_Your instructions_
Only the pictures stay out; please return all the entries below exactly as written.

_Material provided_

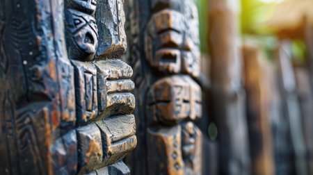 This close-up image showcases intricately carved wooden totem poles, highlighting rich textures and patterns that celebrate cultural heritage in natural light.
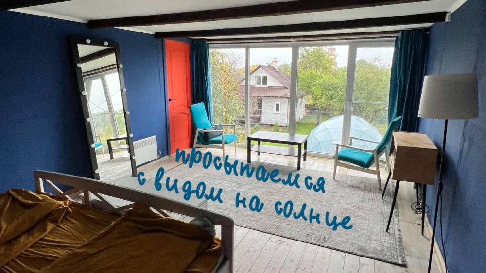 Первый этаж: кухня с окном и видом на озеро, санузел с горячей водой, кабинет номер 1 с кикером, настольным хоккеем и настольными играми (в обычное время используется как музыкальная студия) большая уютная гостиная с камином, прихожая. Второй этаж: Спальня с панорамными окнами с видом на церковь 16 века, гардеробная, отдельный кабинет
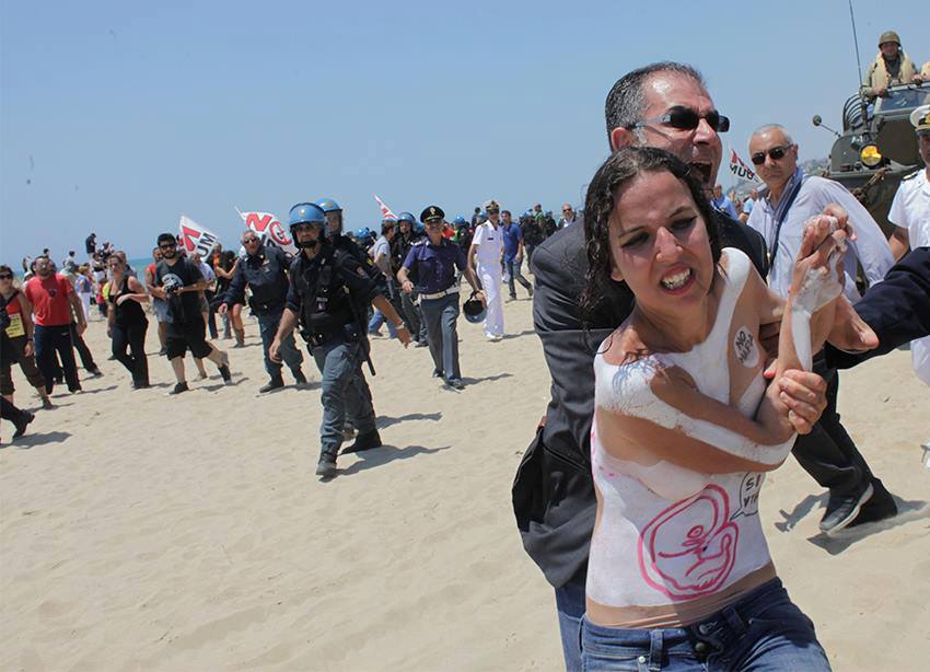 All’arrivo della parata il presidio ha sbarrato la strada coi propri corpi, ribadendo il proprio rifiuto alle politiche imperialiste americane e alle imposizioni statunitensi in termini di basi militari, devastazione del territorio e pericoli per la salute.
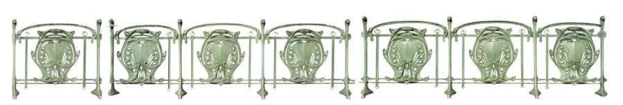 Exceptionnel ensemble de sept plaques d'ornement de métro en fonte à patine verte, à décor d'éléments végétaux stylisés animés de crosses en découpe et d'un «M» stylisé à la base. H: 100 cm Longueur totale: 700 cm (Visserie non d'origine et légères modifications) a cast iron decorated with stylised plants and a stylised. H: 39 1/3 in Total length: 275 ½ in Bibliographie: "Guimard", Edition RMN, Paris, 1992, pour des modèles similaires reproduits page 240. Hector Guimard est le représentant majeur de l'art nouveau en France. Il se voit confier en 1900 l'édification des accès aux stations métropolitaines de Paris pour lesquelles il conçoit tout d'abord les gares de la Bastille et de l'Etoile, avec divers types de pavillons couverts puis les candélabres et supports d'enseigne. Vers 1904, Guimard est écarté du projet pour des raisons financières et perd ses droits de propriété et de reproduction. Une cavale médiatique déferle sur lui considérant son art comme «excentrique « dénaturant les sites prestigieux. Malgré cela, la compagnie en charge du projet continue à utiliser les entourages simples réalisés par Guimard jusqu'en 1913. Le génie de Guimard se révèle dans le fait d'avoir élaboré une série modulaire et standardisée permettant à la fois, sur le point technique, de répondre aux nécessités propres à chaque accès et d'offrir sur le point esthétique, une possibilité de variations sur chaque type de structure. Seule une parfaite connaissance des matériaux permettait la fusion de la technique et du design. Ainsi, il démontre avec virtuosité la potentialité de la fonte de fer. Par les silhouettes originales des accès du métropolitain reflétant une ardeur juvénile, Guimard exprime également son goût de la couleur à la fois raffinée et violente. Une note «moderne» bien que controversée était indispensable à une innovation aussi moderne que le métro lui même! Hector Guimard is the major figure of Art Nouveau in France. In 1900 he was asked to create the entrance to the met
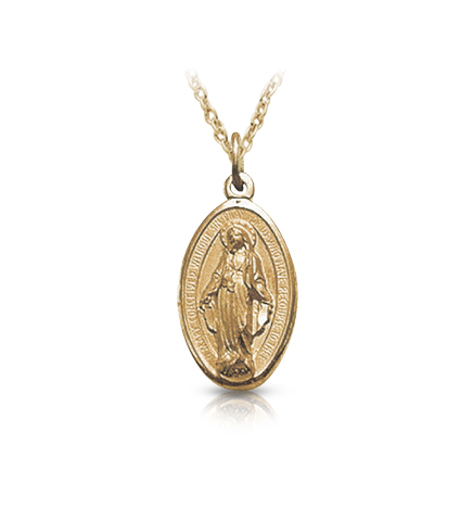 9/16" Oval satin finish 12K gold filled miraculous medal on a 16" stainless steel gold plated chain. The pendant features a plain border and a figure of Mary in the center, surrounded by the words, "O Mary, conceived without sin, pray for us who have recourse to thee." The figure of Mary also has light diamond drag engraved accents. On the back of the medal in a brushed finish is the letter M, representing Mary, surmounted by a cross representing the sacrifice of Jesus, and surrounded by twelve stars that represent the twelve apostles. Includes an elegant deluxe velour jewelry box.
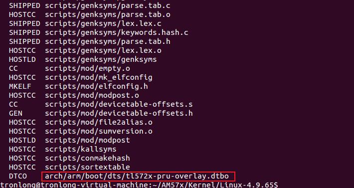 Host# make ARCH=arm CROSS_COMPILE=arm-linux-gnueabihf- tl572x-pru-overlay.dtbo
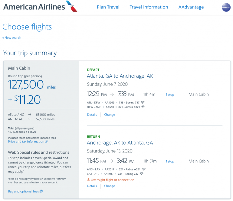 Airlines that still publish an award chart can be easier to predict but don’t always offer the best deals on award flights. Take a look at this flight from Atlanta to Anchorage on Delta (which utilizes a dynamic award system) and American Airlines.
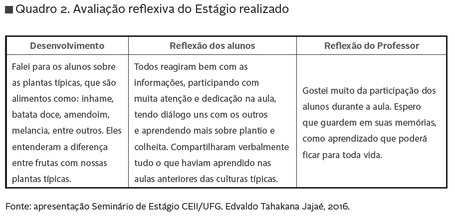 O estágio traz, como prática, o conhecimento pertinente e contextualizado à experiência do manejo de mundo como fundamental para a sobrevivência das crianças Javaé. Assim, como pode ser visto no quadro abaixo e nas figuras 3 e 4, o estudante trabalhou o tema do plantio da mandioca nas cinco aulas que ministrou com os alunos da escola Tainá. A quinta aula foi dedicada ao plantio da mandioca (como pode ser visto nas fotos mostradas adiante) e a reflexão sobre a importância do analisar desse saber e prática para os estudantes do povo Javaé (quadro 2).
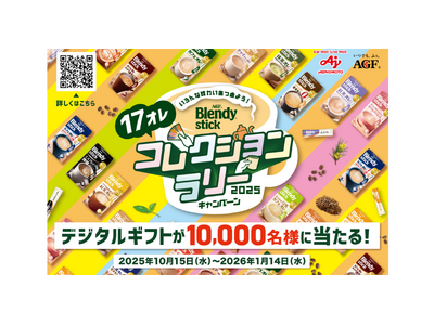 今年も10,000名様に選べるデジタルギフトが当たる!全17種類の多彩なフレーバーから自分好みを見つけて集めて応募しよう! 味の素AGF株式会社(代表取締役社長:島本 憲仁 以下、味の素AGF...

_Result_
 This close-up image showcases intricately carved wooden totem poles, highlighting rich textures and patterns that celebrate cultural heritage in natural light.
 Первый этаж: кухня с окном и видом на озеро, санузел с горячей водой, кабинет номер 1 с кикером, настольным хоккеем и настольными играми (в обычное время используется как музыкальная студия) большая уютная гостиная с камином, прихожая. Второй этаж: Спальня с панорамными окнами с видом на церковь 16 века, гардеробная, отдельный кабинет
 All’arrivo della parata il presidio ha sbarrato la strada coi propri corpi, ribadendo il proprio rifiuto alle politiche imperialiste americane e alle imposizioni statunitensi in termini di basi militari, devastazione del territorio e pericoli per la salute.
 Exceptionnel ensemble de sept plaques d'ornement de métro en fonte à patine verte, à décor d'éléments végétaux stylisés animés de crosses en découpe et d'un «M» stylisé à la base. H: 100 cm Longueur totale: 700 cm (Visserie non d'origine et légères modifications) a cast iron decorated with stylised plants and a stylised. H: 39 1/3 in Total length: 275 ½ in Bibliographie: "Guimard", Edition RMN, Paris, 1992, pour des modèles similaires reproduits page 240. Hector Guimard est le représentant majeur de l'art nouveau en France. Il se voit confier en 1900 l'édification des accès aux stations métropolitaines de Paris pour lesquelles il conçoit tout d'abord les gares de la Bastille et de l'Etoile, avec divers types de pavillons couverts puis les candélabres et supports d'enseigne. Vers 1904, Guimard est écarté du projet pour des raisons financières et perd ses droits de propriété et de reproduction. Une cavale médiatique déferle sur lui considérant son art comme «excentrique « dénaturant les sites prestigieux. Malgré cela, la compagnie en charge du projet continue à utiliser les entourages simples réalisés par Guimard jusqu'en 1913. Le génie de Guimard se révèle dans le fait d'avoir élaboré une série modulaire et standardisée permettant à la fois, sur le point technique, de répondre aux nécessités propres à chaque accès et d'offrir sur le point esthétique, une possibilité de variations sur chaque type de structure. Seule une parfaite connaissance des matériaux permettait la fusion de la technique et du design. Ainsi, il démontre avec virtuosité la potentialité de la fonte de fer. Par les silhouettes originales des accès du métropolitain reflétant une ardeur juvénile, Guimard exprime également son goût de la couleur à la fois raffinée et violente. Une note «moderne» bien que controversée était indispensable à une innovation aussi moderne que le métro lui même! Hector Guimard is the major figure of Art Nouveau in France. In 1900 he was asked to create the entrance to the met
 9/16" Oval satin finish 12K gold filled miraculous medal on a 16" stainless steel gold plated chain. The pendant features a plain border and a figure of Mary in the center, surrounded by the words, "O Mary, conceived without sin, pray for us who have recourse to thee." The figure of Mary also has light diamond drag engraved accents. On the back of the medal in a brushed finish is the letter M, representing Mary, surmounted by a cross representing the sacrifice of Jesus, and surrounded by twelve stars that represent the twelve apostles. Includes an elegant deluxe velour jewelry box.
 Host# make ARCH=arm CROSS_COMPILE=arm-linux-gnueabihf- tl572x-pru-overlay.dtbo
 Airlines that still publish an award chart can be easier to predict but don’t always offer the best deals on award flights. Take a look at this flight from Atlanta to Anchorage on Delta (which utilizes a dynamic award system) and American Airlines.
 O estágio traz, como prática, o conhecimento pertinente e contextualizado à experiência do manejo de mundo como fundamental para a sobrevivência das crianças Javaé. Assim, como pode ser visto no quadro abaixo e nas figuras 3 e 4, o estudante trabalhou o tema do plantio da mandioca nas cinco aulas que ministrou com os alunos da escola Tainá. A quinta aula foi dedicada ao plantio da mandioca (como pode ser visto nas fotos mostradas adiante) e a reflexão sobre a importância do analisar desse saber e prática para os estudantes do povo Javaé (quadro 2).
 今年も10,000名様に選べるデジタルギフトが当たる!全17種類の多彩なフレーバーから自分好みを見つけて集めて応募しよう! 味の素AGF株式会社(代表取締役社長:島本 憲仁 以下、味の素AGF...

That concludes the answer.